I believe that this could form the basis of an amazing Computer Algebra System for Clojure, competitive with anything else available. Although it is quite a huge beast, as you can imagine, and tons of stuff remains to be ported, the basics are pretty much there, the system will differentiate, and handle literals and literal functions pretty well. It is a work in progress. The system also uses the "generic" approach advocated by Sussman, whereby operations can be applied to functions, creating a great abstraction that simplifies notation no end.
Here's a taster:
> (def unity (+ (square sin) (square cos)))
> (unity 2.0) ==> 1.0
> (unity 'x) ==> 1 ;; yes we can deal with symbols
> (def zero (D unity)) ;; Let's differentiate
> (zero 2.0) ==> 0
SicmUtils introduces two new vector types “up” and “down” (called “structures”), they work pretty much as you would expect vectors to, but have some special mathematical (covariant, contravariant) properties, and also some programming properties, in that they are executable!
> (def fnvec (up sin cos tan)) => fnvec
> (fnvec 1) ==> (up 0.8414709848078965 0.5403023058681398 1.5574077246549023)
> ;; differentiated
> ((D fnvec) 1) ==> (up 0.5403023058681398 -0.8414709848078965 3.425518820814759)
> ;; derivative with symbolic argument
> ((D fnvec) 'θ) ==> (up (cos θ) (* -1 (sin θ)) (/ 1 (expt (cos θ) 2)))
Partial differentiation is fully supported
> (defn ff [x y] (* (expt x 3)(expt y 5)))
> ((D ff) 'x 'y) ==> (down (* 3 (expt x 2) (expt y 5)) (* 5 (expt x 3) (expt y 4)))
> ;; i.e. vector of results wrt to both variables
The system also supports TeX output, polynomial factorization, and a host of other goodies. Lots of stuff, however, that could be easily implemented has not been done purely out of lack of human resources. Graphic output and a "notepad/worksheet" interface (using Clojure's Gorilla) are also being worked on.
I hope this has gone some way towards whetting your appetite enough to visit the site and give it a whirl. You don't even need Clojure, you could run it off the provided jar file.
There's Clojuratica, an interface between Clojure and Mathematica:
http://clojuratica.weebly.com/
See also this mailing list post by Clojuratica's author.
While not a CAS, Incanter also has several very nice features and might be a good reference/foundation to build your own ideas on.
Regarding "For example, if the associative operation were a product instead of a sum I would have to rewrite portions.": if you structure your code accordingly, couldn't you accomplish this by using higher-order functions and passing in the associative operation? Think map-reduce.

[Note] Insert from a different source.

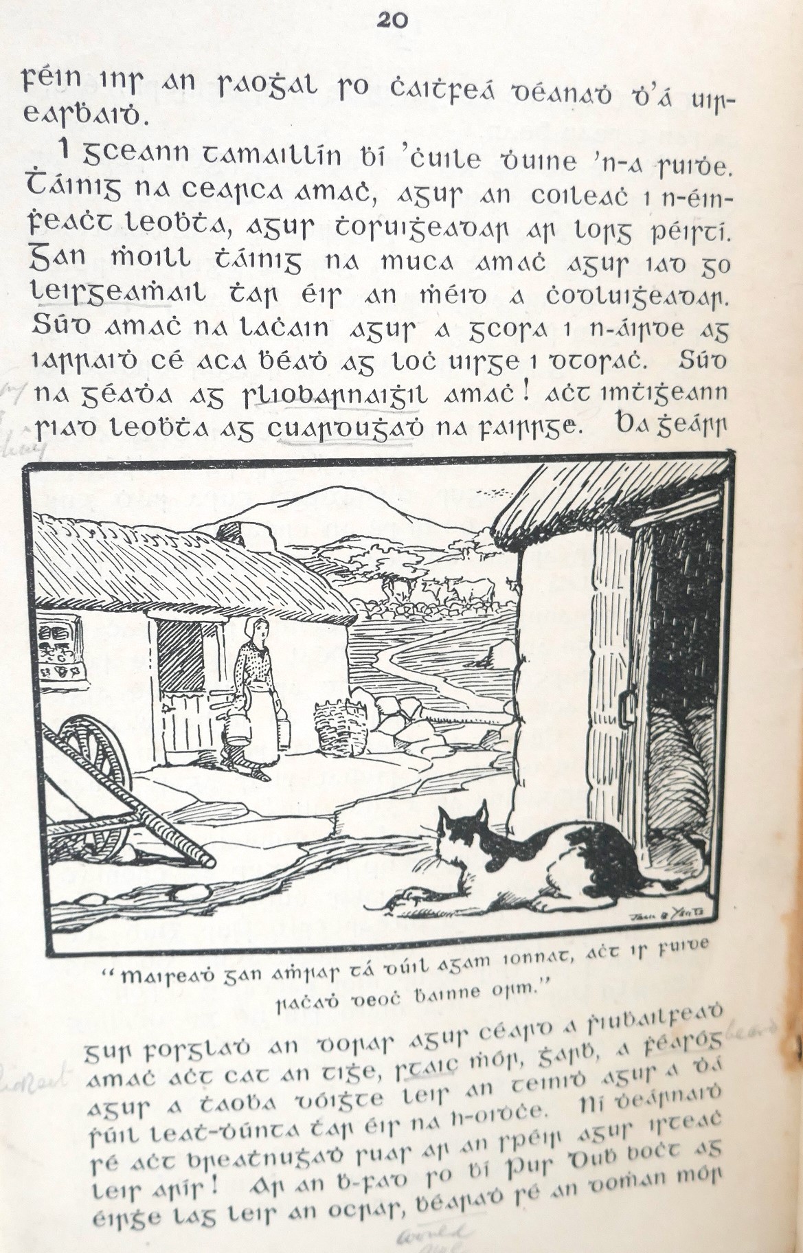 Jack Butler Yeats, the renowned Irish artist, contributed illustrations to several Irish language publications aimed at teaching Irish to school children.

I am unaware of any computer algebra systems written in Clojure. However, for my rather simple mathematical needs I have found it often useful to use Maxima, which is written in lisp. It is possible to interact with Maxima using s-expressions or a higher-level representations, which can be really convenient. Maxima also has some rudimentary combinatorics functions which may be what you are looking for.
If you are hellbent on using Clojure, in the short term perhaps throwing your data back and forth between Maxima and Clojure would help you achieve your goals.
In the longer term, I would be interested in seeing what you come up with!